The loveliest feature of all to me was the form of a noble, and
true man, who called me son. Of my life in the great pine forests
of Arkansas, and in Missouri, I retained the most vivid impressions.
The dreaming days I passed under the sighing pines on the Ouachita’s
shores; the new clearing, the block-house, our faithful black
servant, the forest deer, and the exuberant life I led, were
all well remembered. And I remembered how one day, after we had
come to live near the Mississipi, I floated down, down, hundreds of
miles, with a wild fraternity of knurly giants, the boatmen of
the Mississipi, and how a dear old man welcomed me back, as if
from the grave. I remembered also my travels on foot through
sunny Spain, and France, with numberless adventures in Asia Minor,
among Kurdish nomads. I remembered the battlefields of America
and the stormy scenes of rampant war. I remembered gold mines,
and broad prairies, Indian councils, and much experience in the
new western lands. I remembered the shock it gave me to hear
after my return from a barbarous country of the calamity that
had overtaken the fond man whom I called father, and the hot
fitful life that followed it. Stop! ************
Dear me; is it the 21st of July? Yes, Shaw informed me that it
was the 21st of July after I recovered from my terrible attack
of fever; the true date was the 14th of July, but I was not
aware that I had jumped a week, until I met Dr. Livingstone.
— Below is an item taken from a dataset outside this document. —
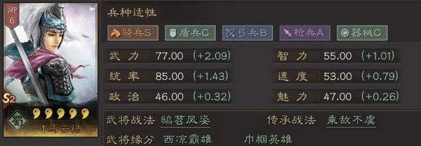 副将马云禄:强攻+瞋目横矛;胜而益强+武略

We two together examined the Nautical Almanack, which I brought
with me. We found that the Doctor was three weeks out of his
reckoning, and to my great surprise I was also one week out,
or one week ahead of the actual date. The mistake was made by
my being informed that I had been two weeks sick, and as the day
I recovered my senses was Friday, and Shaw and the people were
morally sure that I was in bed two weeks, I dated it on my Diary
the 21st of July. However, on the tenth day after the first of my
illness, I was in excellent trim again, only, however, to see and
attend to Shaw, who was in turn taken sick. By the 22nd July
Shaw was recovered, then Selim was prostrated, and groaned in his
delirium for four days, but by the 28th we were all recovered, and
were beginning to brighten up at the prospect of a diversion in the
shape of a march upon Mirambo’s stronghold.
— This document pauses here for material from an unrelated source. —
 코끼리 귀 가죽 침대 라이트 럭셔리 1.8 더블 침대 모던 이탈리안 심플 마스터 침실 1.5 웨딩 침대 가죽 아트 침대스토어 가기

The morning of the 29th I had fifty men loaded with bales, beads,
and wire, for Ujiji. When they were mustered for the march
outside the tembe, the only man absent was Bombay. While men were
sent to search for him, others departed to get one more look, and
one more embrace with their black Delilahs. Bombay was found some
time about 2 P.M., his face faithfully depicting the contending
passions under which he was labouring—sorrow at parting from the
fleshpots of Unyanyembe—regret at parting from his Dulcinea of
Tabora—to be, bereft of all enjoyment now, nothing but
marches—hard, long marches—to go to the war—to be killed,
perhaps, Oh! Inspired by such feelings, no wonder Bombay was
inclined to be pugnacious when I ordered him to his place, and I
was in a shocking bad temper for having been kept waiting from
8 A.M. to 2 P.M. for him. There was simply a word and a savage
look, and my cane was flying around Bombay’s shoulders, as if he
were to be annihilated. I fancy that the eager fury of my
onslaught broke his stubbornness more than anything else; for
before I had struck him a dozen times he was crying for “pardon.”
At that word I ceased belaboring him, for this was the first time
he had ever uttered that word. Bombay was conquered at last.